The Southern Book Club’s Guide to Slaying Vampires by Grady Hendrix #bookreview #20booksofsummer20

Fried Green Tomatoes and Steel Magnolias meet Dracula in this Southern-flavored supernatural thriller set in the ’90s about a women’s book club that must protect its suburban community from a mysterious and handsome stranger who turns out to be a blood-sucking fiend.
Patricia Campbell had always planned for a big life, but after giving up her career as a nurse to marry an ambitious doctor and become a mother, Patricia’s life has never felt smaller. The days are long, her kids are ungrateful, her husband is distant, and her to-do list is never really done. The one thing she has to look forward to is her book club, a group of Charleston mothers united only by their love for true-crime and suspenseful fiction. In these meetings, they’re more likely to discuss the FBI’s recent siege of Waco as much as the ups and downs of marriage and motherhood.

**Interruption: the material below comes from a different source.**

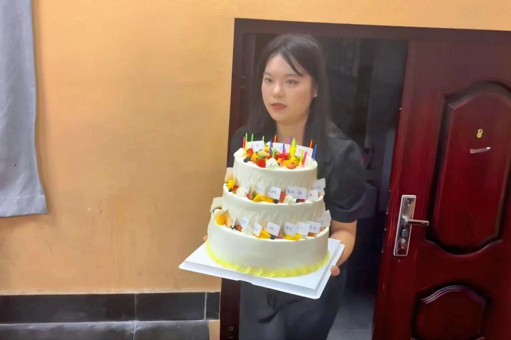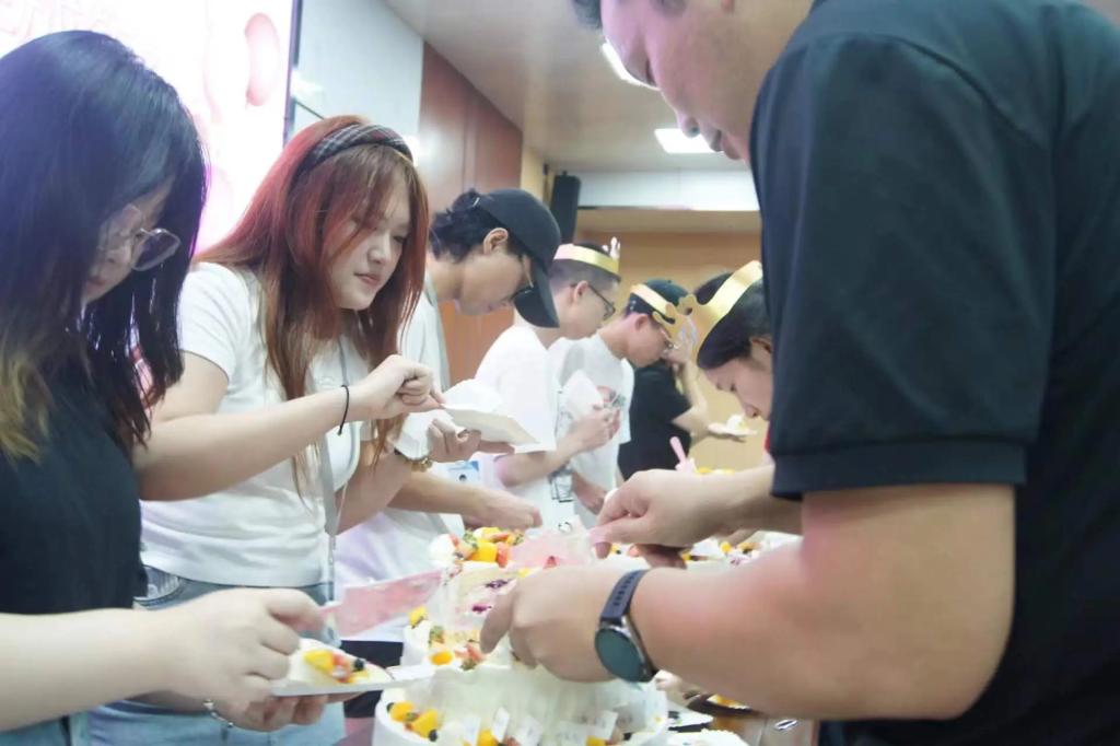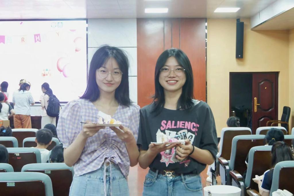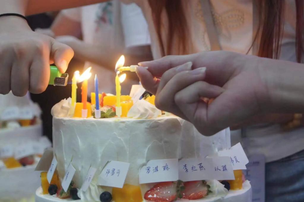 当蛋糕被缓缓切开,每一位新生领到有自己姓名的专属蛋糕,甜蜜的香气瞬间弥漫了整个报告厅。

But when an artistic and sensitive stranger moves into the neighborhood, the book club’s meetings turn into speculation about the newcomer. Patricia is initially attracted to him, but when some local children go missing, she starts to suspect the newcomer is involved. She begins her own investigation, assuming that he’s a Jeffrey Dahmer or Ted Bundy. What she uncovers is far more terrifying, and soon she – and her book club – are the only people standing between the monster they’ve invited into their homes and their unsuspecting community.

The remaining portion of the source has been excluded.